We also load the CIE-Procedimiento codes table:

In [16]:
df_codes_dev = pd.read_table(corpus_path + "dev/devP.tsv", sep='\t', header=None)

In [17]:
df_codes_dev.columns = ["doc_id", "code"]

In [18]:
df_codes_dev.shape

(817, 2)

In [19]:
df_codes_dev.head()

Unnamed: 0,doc_id,code
0,S0004-06142005000900016-1,bt41zzz
1,S0004-06142005000900016-1,ct13
2,S0004-06142005001000011-1,3e1m39z
3,S0004-06142005001000011-1,0tcb
4,S0004-06142005001000011-1,bt02


In [20]:
len(set(df_codes_dev["doc_id"]))

222

We join the training and development CodiEsp codes dataframes together:

In [21]:
df_codes_train_dev = pd.concat([df_codes_train, df_codes_dev])

In [22]:
df_codes_train_dev.shape

(2367, 2)

In [23]:
df_codes_train_dev.head()

Unnamed: 0,doc_id,code
0,S0004-06142005000700014-1,bw03zzz
1,S0004-06142005000700014-1,3e02329
2,S0004-06142005000700014-1,bw40zzz
3,S0004-06142005000700014-1,bv44zzz
4,S0004-06142005000700014-1,bn20


## Creating corpora of annotated sentences

Leveraging the information available for the named-entity-recognition and normalization (NER-N) CodiEsp-X task, we create both a training and a development corpus of annotated sentences with CIE-Procedimiento codes.
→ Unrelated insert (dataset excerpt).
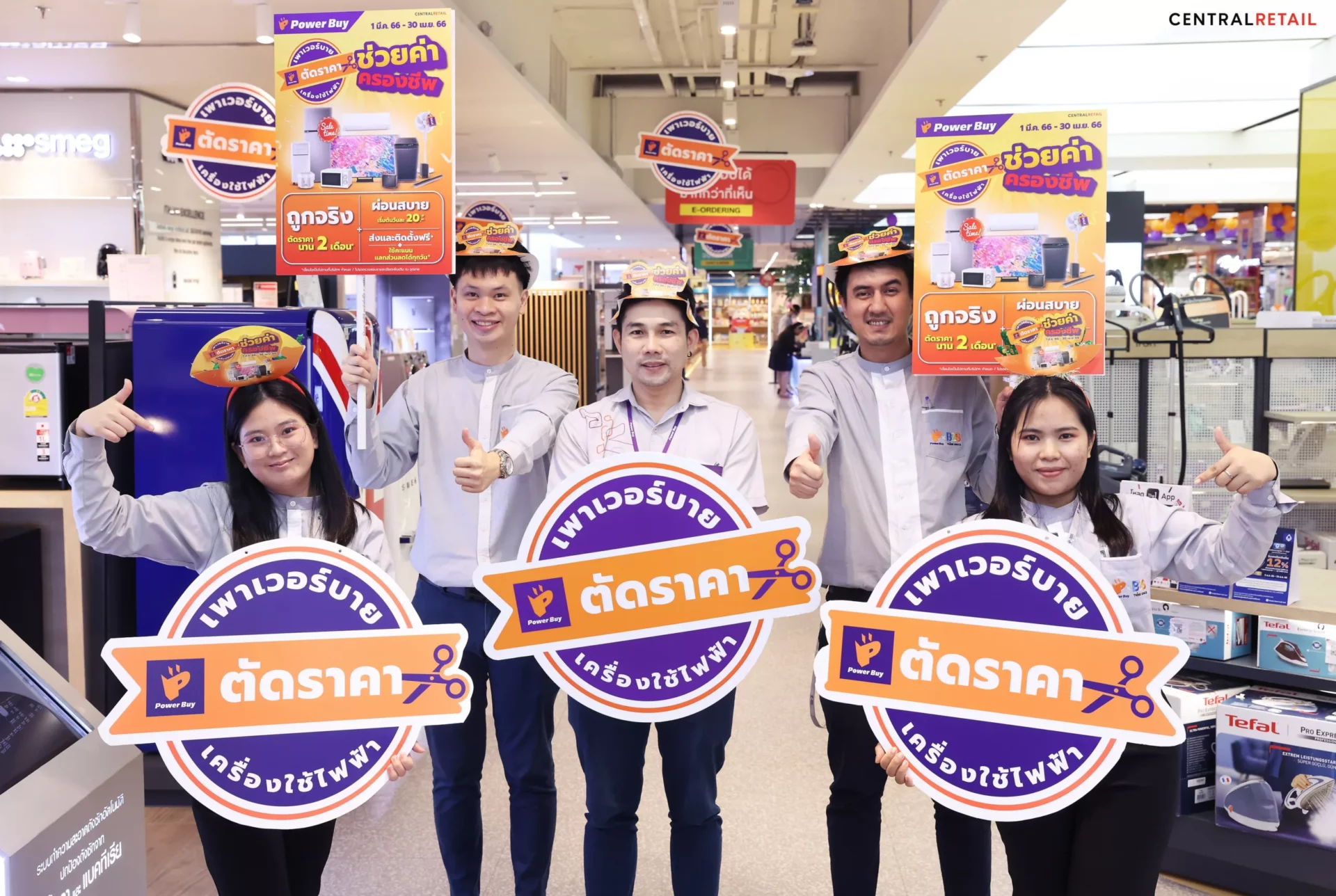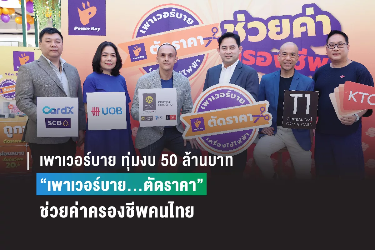 เพาเวอร์บาย ในเครือเซ็นทรัล รีเทล ทุ่มงบกว่า 50 ล้านบาท เปิดตัวบิ๊กแคมเปญ “เพาเวอร์บาย…ตัดราคา” พร้อมยืนเคียงข้างประชาชนในทุกสถานการณ์เศรษฐกิจ ทุกช่วงเวลา ลดแรงครั้งใหญ่ ตรึงราคาเครื่องใช้ไฟฟ้านาน 2 เดือน พบโปรสุดเร้าใจกว่า 500 รายการ เพิ่มความคุ้มค่ายิ่งขึ้นด้วยการจับมือ 8 พันธมิตรบัตรเครดิตชั้นนำ นำโดย บัตรเครดิต เซ็นทรัล เดอะวัน, บัตรเซ็นทรัล เดอะวัน เฟิร์สช้อยส์, บัตรเครดิตกรุงศรี, บัตรกรุงศรีเฟิร์สช้อยส์, บัตรเครดิตไทยพาณิชย์ และคาร์ดเอกซ์, บัตรเครดิตเคทีซี, บัตรเครดิตยูโอบี และบัตรเครดิตซิตี้ มอบอภิสิทธิ์พิเศษในการช้อป “ผ่อนสบายเริ่มต้นเพียงวันละ 20 บาท-แลกคะแนนลดเพิ่ม-รับเครดิตเงินคืน” ทุกวัน พร้อมบริการส่งและติดตั้งฟรี ลดจัดเต็มทุกแพลตฟอร์ม ที่เพาเวอร์บาย ทุกสาขาทั่วประเทศ ช่องทางออนไลน์ เว็บไซต์ www.powerbuy.co.th และ powerbuy app ตั้งแต่วันนี้ถึง 30 เมษายน 2566

Firstly, we pre-process the NER-N precedure-codes annotations available for both the training and development corpora.

In [24]:
# Training corpus

In [24]:
%%time

codiesp_x_train = pd.read_table(corpus_path + "train/trainX.tsv", sep='\t', header=None)

CPU times: user 13.8 ms, sys: 191 µs, total: 14 ms
Wall time: 12.5 ms


In [25]:
codiesp_x_train.columns = ["doc_id", "type", "code", "word", "location"]

In [26]:
codiesp_x_train.shape

(9181, 5)

In [27]:
codiesp_x_train.head()

Unnamed: 0,doc_id,type,code,word,location
0,S0004-06142005000700014-1,PROCEDIMIENTO,bw03zzz,Rx tórax,2163 2171
1,S0004-06142005000700014-1,PROCEDIMIENTO,3e02329,Estreptomicina intramuscular,2787 2801;2810 2823
2,S0004-06142005000700014-1,DIAGNOSTICO,n44.8,teste derecho aumentado de tamaño,1343 1376
3,S0004-06142005000700014-1,DIAGNOSTICO,z20.818,exposición a Brucella,594 615
4,S0004-06142005000700014-1,DIAGNOSTICO,r60.9,edemas,1250 1256


In [28]:
codiesp_x_train = codiesp_x_train[codiesp_x_train["type"] == "PROCEDIMIENTO"]

In [29]:
codiesp_x_train.shape

(1972, 5)

In [30]:
df_codes_train_ner = process_ner_labels(codiesp_x_train).sort_values(["doc_id", "start", "end"])

In [31]:
df_codes_train_ner.head()

Unnamed: 0,doc_id,type,code,word,start,end
0,S0004-06142005000700014-1,PROCEDIMIENTO,bw03zzz,Rx tórax,2163,2171
3,S0004-06142005000700014-1,PROCEDIMIENTO,bw40zzz,Ecografía abdominal,2173,2192
5,S0004-06142005000700014-1,PROCEDIMIENTO,bn20,TAC craneal,2194,2205
4,S0004-06142005000700014-1,PROCEDIMIENTO,bv44zzz,Ecografía testicular,2287,2307
1,S0004-06142005000700014-1,PROCEDIMIENTO,3e02329,Estreptomicina intramuscular,2787,2801


In [32]:
df_codes_train_ner.shape

(2769, 6)

In [34]:
# Development corpus

In [33]:
%%time

codiesp_x_dev = pd.read_table(corpus_path + "dev/devX.tsv", sep='\t', header=None)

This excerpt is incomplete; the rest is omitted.